In 2000, he joined August Capital, where he was named partner in 2005; and he remained there for 20 years. Hornik has invested in a wide range of technology companies, including Splunk, GitLab, WePay, Bill.com, Fastly, Evite. His investing stories have been featured in American author Adam Grant's New York Times Bestseller, Give and Take: A Revolutionary Approach to Success. In 2012, he was named on the Forbes magazine's Midas List. In 2013, Deloitte named Hornik the "Silicon Valley Venture Capitalist Of The Year".

In addition to his investing career, Hornik teaches entrepreneurship at Harvard Law School, and business management at Stanford Graduate School of Business. Since June 2014, Hornik serves on the Board of GLAAD (Gay & Lesbian Alliance Against Defamation).

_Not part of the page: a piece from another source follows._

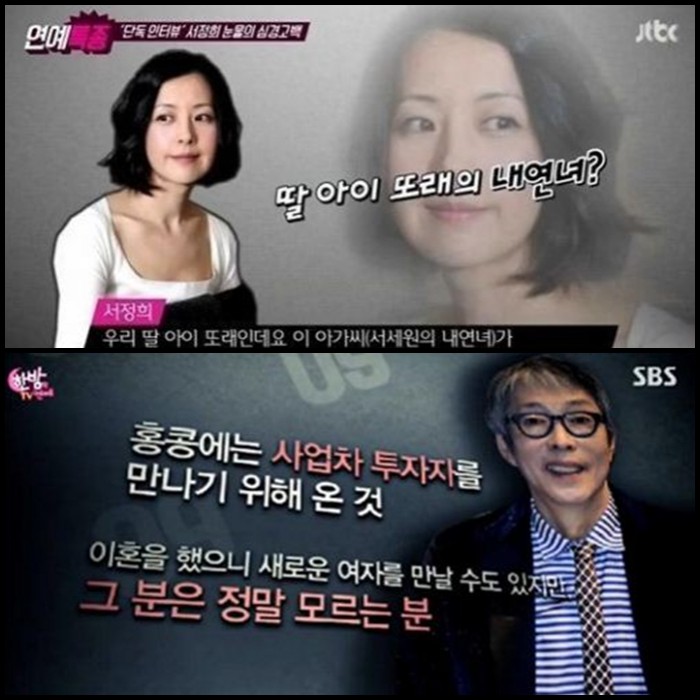 한편 서세원의 전 부인인 서정희는 2014년 한 인터뷰에서 “서세원에게 내연녀가 있다”고 주장한 바 있다. 서정희와 서세원은 지난해 8월21일 합의 이혼했다.방송인 서세원이 한 주택에서 지난해 9월 내연녀 논란에 휩싸인 바 있는 여성과 함께 있는 모습이 한 매체에 의해 포착됐다.사진은 서정희와 서세원 방송 모습.<사진출처=서정희-JTBC '연예특종' 방송캡처/서세원-SBS '한밤의 TV연예' 방송캡처>

== Philanthropy and art collection ==
His first collection was started while Hornik was in college, international editions of Alice in Wonderland books. David and Pamela are collectors of contemporary art which includes work by artists Chuck Close, Joan Brown, Alex Katz, Andy Warhol, Amir Fallah, Robert Mapplethorpe, Cindy Sherman, Jordan Casteel, and Hope Gangloff.

In 2021, the Hornik's helped fund the opening of the Institute of Contemporary Art San Francisco (ICA SF) in the Dogpatch neighborhood, alongside funds from Deborah and Andy Rappaport; and Kaitlyn and Mike Krieger.